One could point to it as the decade that began the decline of a great civilization.

The Book is:

ROCK ME ON THE WATER

By Ron Brownstein
Harper, 439 pages

 
 
 
MsAubrey (aka Ahyoka)
Junior Participates
1.1  MsAubrey (aka Ahyoka)  replied to  Vic Eldred @1    4 years ago

Sorry, but I beg to differ in opinion here Vic. I don't see the 50s as some great utopia, but then again, I'm not a middle-aged white male either. The 60s and 70s opened the eyes of many to see real issues affecting real people. 

 
 
 
Vic Eldred
Professor Principal
1.1.1  seeder  Vic Eldred  replied to  MsAubrey (aka Ahyoka) @1.1    4 years ago

I only wish I was middle-aged, Lol!  It's fine if you like things as they are, but you should have a point of reference to make the comparison. In every part of our civilization, the 20 years, or so, following WW2 was clearly it's high point IMO.

 
 
 
MsAubrey (aka Ahyoka)
Junior Participates
1.1.2  MsAubrey (aka Ahyoka)  replied to  Vic Eldred @1.1.1    4 years ago

For white males it was, but not anyone else.

 
 
 
Vic Eldred
Professor Principal
1.1.3  seeder  Vic Eldred  replied to  MsAubrey (aka Ahyoka) @1.1.2    4 years ago

I disagree. I think it was good for everyone.

You mention women. Ok what has the "feminist movement" done to women?  Women can't think for themselves. They must follow the left's doctrine on abortion and now we are seeing the destruction of women's sports in order to accommodate the "transgender movement/narrative."

 
 
 
Tessylo
Professor Expert
1.1.4  Tessylo  replied to  Vic Eldred @1.1.3    4 years ago

So you believe that women can't think for themselves?

 
 
 
Vic Eldred
Professor Principal
1.1.5  seeder  Vic Eldred  replied to  Tessylo @1.1.4    4 years ago

They certainly can if they are allowed to. Feminism prevents that from happening.

 
 
 
Ender
Professor Principal
1.1.6  Ender  replied to  MsAubrey (aka Ahyoka) @1.1.2    4 years ago

Yep. Like we should go back to sperate water fountains and sundown laws.

 
 
 
Vic Eldred
Professor Principal
1.1.7  seeder  Vic Eldred  replied to  Ender @1.1.6    4 years ago

Before we play the old broken record, let me show you how black Americans were also recipients of America's golden age:

"According to a report released by the Urban Institute, the state of the African-American family is worse today than it was in the 1960’s. Before you become   offended and charge , “What about the White family?!” The report also discloses that families of all ethnicities are showing a decline; however, the African-American household has suffered the worst decline.  Plus, YourBlackWorld.com offers you news specifically about the state of Black America, so, our focus will be on the state of the African-American family.

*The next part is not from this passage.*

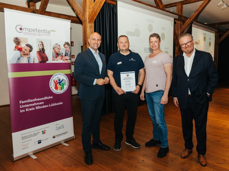 Wir freuen uns über die Auszeichnung als „Familienfreundliches Unternehmen im Kreis Minden-Lübbecke 2023“! Das Kompetenzzentrum Frau und Beruf OWL vergibt die Auszeichnung alle zwei Jahre in Kooperation mit der Industrie-
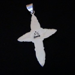 Cette croix Navajo montée en pendentif est ciselée main et serti de dizaines pierres selon la technique zuni qui consiste à les assembler pour former une mosaïque multicolore.

In 1950, 17 percent of African-American children lived in a home with their mother but not their father. By 2010 that had increased to 50 percent. In 1965, only eight percent of childbirths in the Black community occurred out-of-wedlock. In 2010 that figure was 41 percent; and today, the out-of-wedlock childbirth in the Black community sits at an astonishing 72 percent. The number of African-American women married and living with their spouse was recorded as 53 percent in 1950. By 2010, it had dropped to 25 percent.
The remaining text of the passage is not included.